Now, Sandeep Pandey travelled around universities in the U.S., talking about these issues. Does he visit campuses in India? (not a rhetorical question, I do not know the answer.)

Vishnu said...

Incidentally, killercoke.com redirects you to a Coca Cola webpage which says that they are not that evil, they do rainwater harvesting etc. (Sandeep Pandey dismisses this as a publicity stunt in the same interview.) I wrote him an email several days ago regarding the claims on this webpage, but did not get a reply yet.

Purushottam said...

vishnu---I had asked SP a similar query regarding rainwater harvesting claims of Coke,
here was his response:
at least the two places where i'm involved with the grassroots' struggle, i have not seen the company doing anything in the name of water recharging.

and here is a reply from Amit Srivastava@IndiaResource Center on the same question ...
Coke does seem to mention its support of rainwater harvesting in India as a way to deflect from the real issues.
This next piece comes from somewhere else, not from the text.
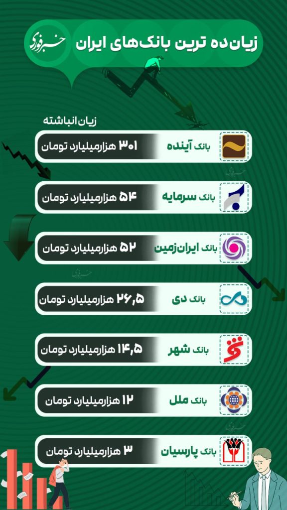 بانک آینده به تنهایی با ۳۰۱ هزار میلیارد تومان زیان انباشته، بیشترین سهم را در این بحران دارد.

It is true that they are implementing rain water harvesting systems in most of their plants BUT this does not mean that groundwater is replenished immediately, as they suggest.
Groundwater is replenished naturally, and it can take decades for rainwater harvesting systems to recharge the groundwater.
We have not done any studies but we are interested in getting some scientists/researchers/academics to look into this subject more- to see if Coke's suggestion that rainwater harvesting is enough to replenish their consumption holds water or not.

While I tend to believe that their rain-water harvesting (which is done in their plant premises) is not a primary way to meet their water requirements and is only a tool to divert from the real issue, as Amit said above an a mthodical assessment will help the case.

About SP's/others visiting Indian campuses for the cause, I am sure he and others are doing something on those lines, but am not sure to what extent (as they are also involved gathering support at the sites themselves). Regarding, the issue of shutting down plants, while that might be the bigger objective, I agree an awareness campaign about its unfair means/pollutants/pesticides etc. can be more effective and and can further spread the word on campuses etc.